Weird SD AVCHD audio compatibility issue

Discussion in 'Digital Video' started by grumbler, May 30, 2009.

  1. grumbler macrumors member

    Joined:
    Feb 26, 2008
    Location:
    Hawaii.
    #1
    I have a Sony SR-11, a 1080i, HDD-based, AVCHD little bastard. Since HD editing is such a pain, I decided to try recording in the camera's SD mode. This creates files with a .mpg extension that are - inanely enough - some sort of AVCHD derivative.

    The problem was that despite my best efforts; despite owning FCP, QTP, VLC, and every other bloody plug-in I could find - the audio from these SD files would only play in Compressor (on my 17'' MBP.) I had to Compressor them into oblivion before editing in FCP if I wanted any sound. Really frustrating!

    Mind-bogglingly enough, the SD files played fine on my friend's MBP (even in QuickLook!) After frantically comparing the two systems' specs, I determined that the only important difference were our respective iMovie versions. She had the new (stupid) one, while I tenaciously had the old timeline version.

    So, I installed iLife 09 and now the SD files totally work.

    What the hell?
     
  2. MisterMe macrumors G4

    MisterMe

    Joined:
    Jul 17, 2002
    Location:
    USA
    #2
    You bought a camera that records in a format that was never intended to be edited. You want to edit it anyway and found a way to do it. Now you complain? :rolleyes:
     
  3. grumbler thread starter macrumors member

    Joined:
    Feb 26, 2008
    Location:
    Hawaii.
    #3
    I don't think you quite understand the degree of weirdness here. Installing iLife 09 somehow got my entire system - Quicktime, Quicklook, Finder, FCP, etc - to play these files correctly. Does that really make any sense?
     
  4. Courtaj macrumors 6502a

    Courtaj

    Joined:
    Jul 3, 2008
    Location:
    Edinburgh, U.K.
    #4
    Yes. This is :apple: we're talking about here . . .
     
  5. MisterMe macrumors G4

    MisterMe

    Joined:
    Jul 17, 2002
    Location:
    USA
    #5
    To the unaware Windows user, QuickTime is an application. However, it is much more than that.
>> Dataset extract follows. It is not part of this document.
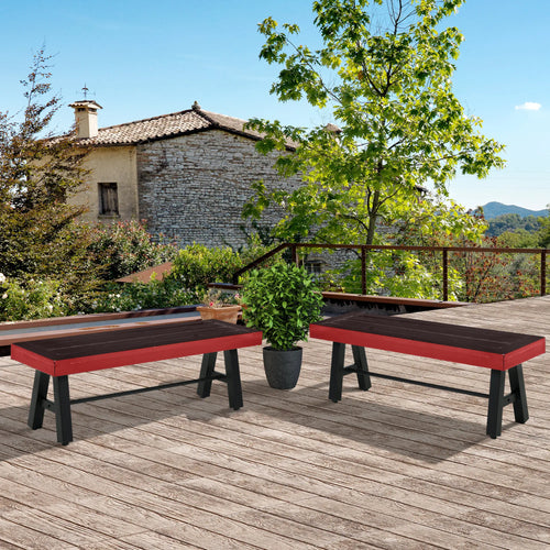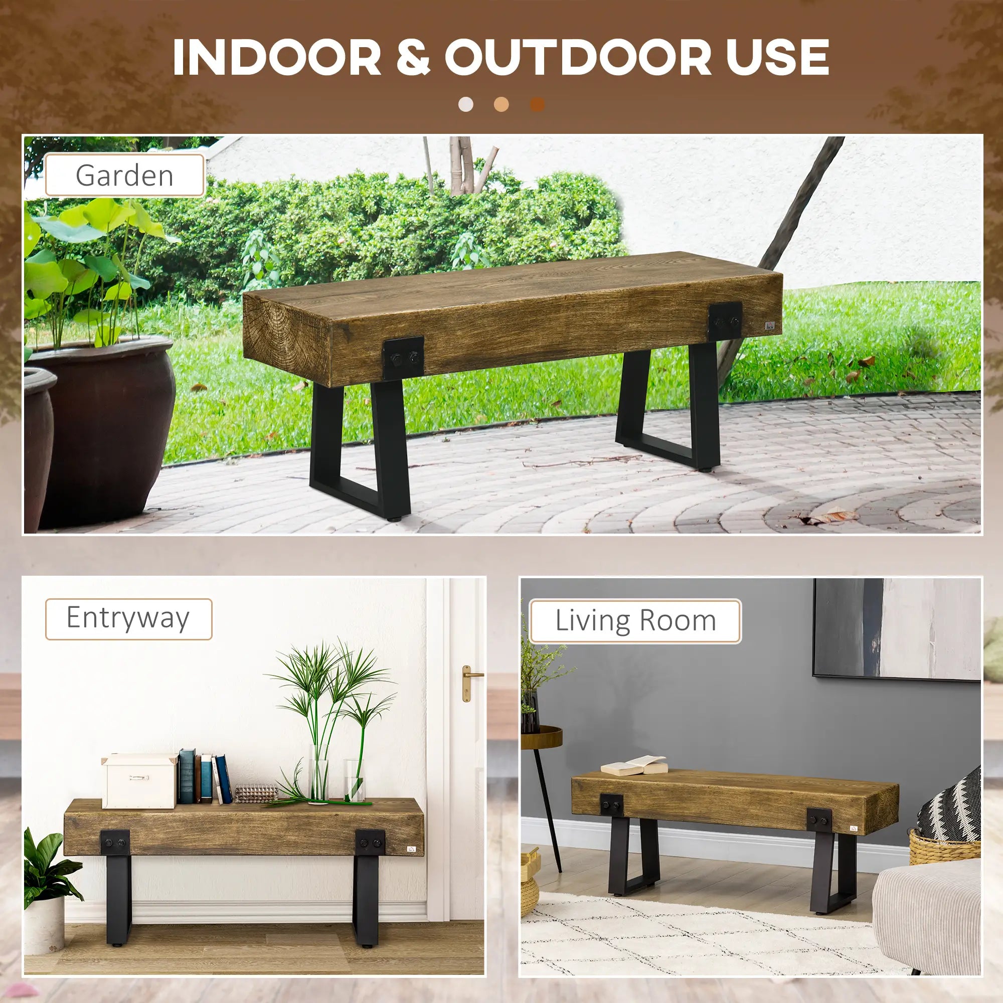 Outdoor Garden Bench, Metal Legs, Rustic Wood Effect Concrete, Natural and Black, Black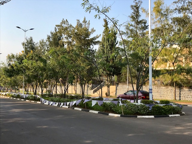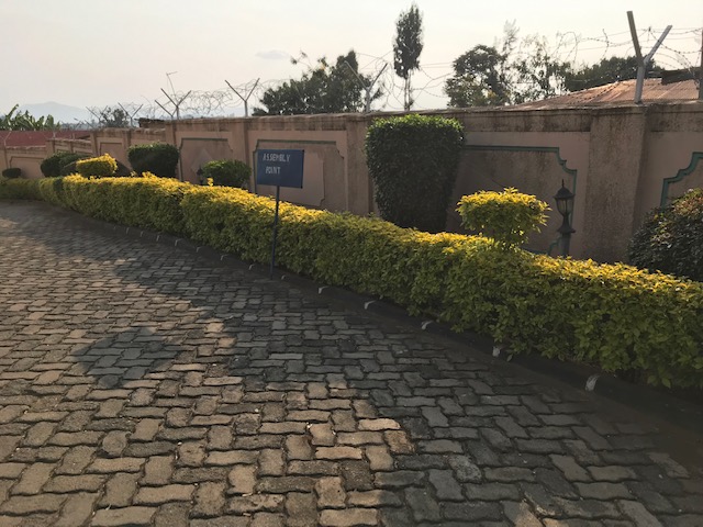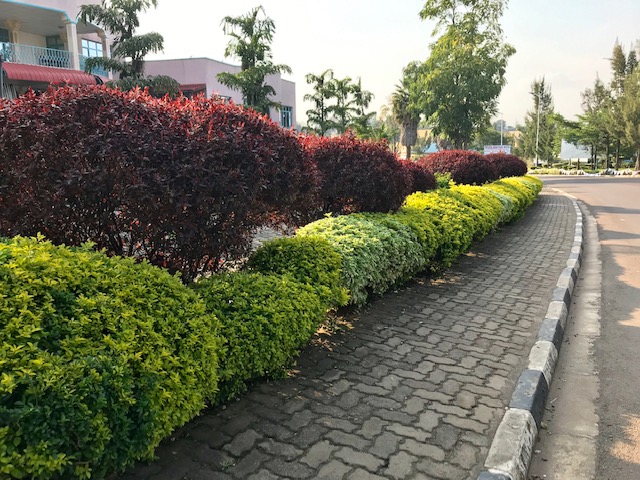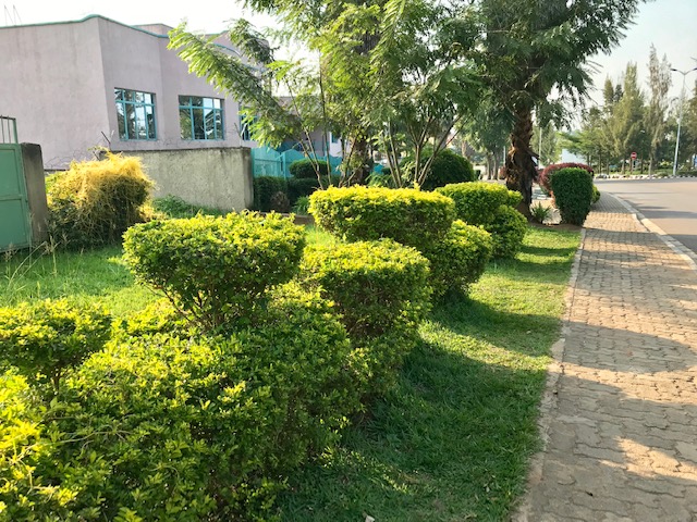 2. Landscaping – Rwandans have an eye for beauty and a knack for landscaping. Thanks to our school’s landscaping crew, our grounds always look neat and trim.  And, the town is very beautiful. There aren’t any lawn mowers anywhere, but the groundskeepers use cutlasses, edge-trimmers and electric hedge cutters to keep our tall hedges looking sharp.  The groundskeepers also continuously weed by hand in between the paving bricks of the school’s parking lots to keep the grass that constantly erupts between the bricks at bay.  With Rwanda’s heavy rainfall, everything grows like, you guessed it, weeds, so the landscaping work is never ending.

QuickTime is the MacOS X frameworks for time-based data. What you think of as QuickTime is actually the QuickTime Player, the simplest QuickTime-based application. However, all of Apple's and most third-party video-compatible apps are based on the QuickTime frameworks. Just as an example, PowerPoint 2008 uses the QuickTime frameworks to play video.

    Now let's bring this home. QuickTime supports each video format through codecs. Apple added support for AVCHD to iLife 09 by adding AVCHD codecs to the suite. Except for licensing issues with specific codecs, each QuickTime codec is available to all QuickTime-compatible apps. An example of an exception is the MPEG-2 Playback Component, which is restricted by Sorensen to the QuickTime Player. Obviously, the AVCHD codec has no such restrictions. Every application/feature that now "mysteriously" supports AVCHD is QuickTime-based. There is nothing mysterious or weird about it. To the contrary, it is expected that installing an Apple AVCHD-compatible app will add AVCHD-compatibility to all other video apps and features.
     
  6. grumbler thread starter macrumors member

    Joined:
    Feb 26, 2008
    Location:
    Hawaii.
    #6

    I'm aware of Quicktime's framework-based, integral role in Mac OS; however, is it not remotely "mysterious" that Final Cut - which I believe is AVCHD compatible - didn't fully support (video only) those pesky SD files? And that Compressor (also QT-based, I assume) DID?

    Surely that is a mystery that, if ever slightly, boggles and questions and confounds even your vast inventory of Mac-based knowledge!

    (And by the way, I've used Macs my whole life, you unaware grumbler-replier.)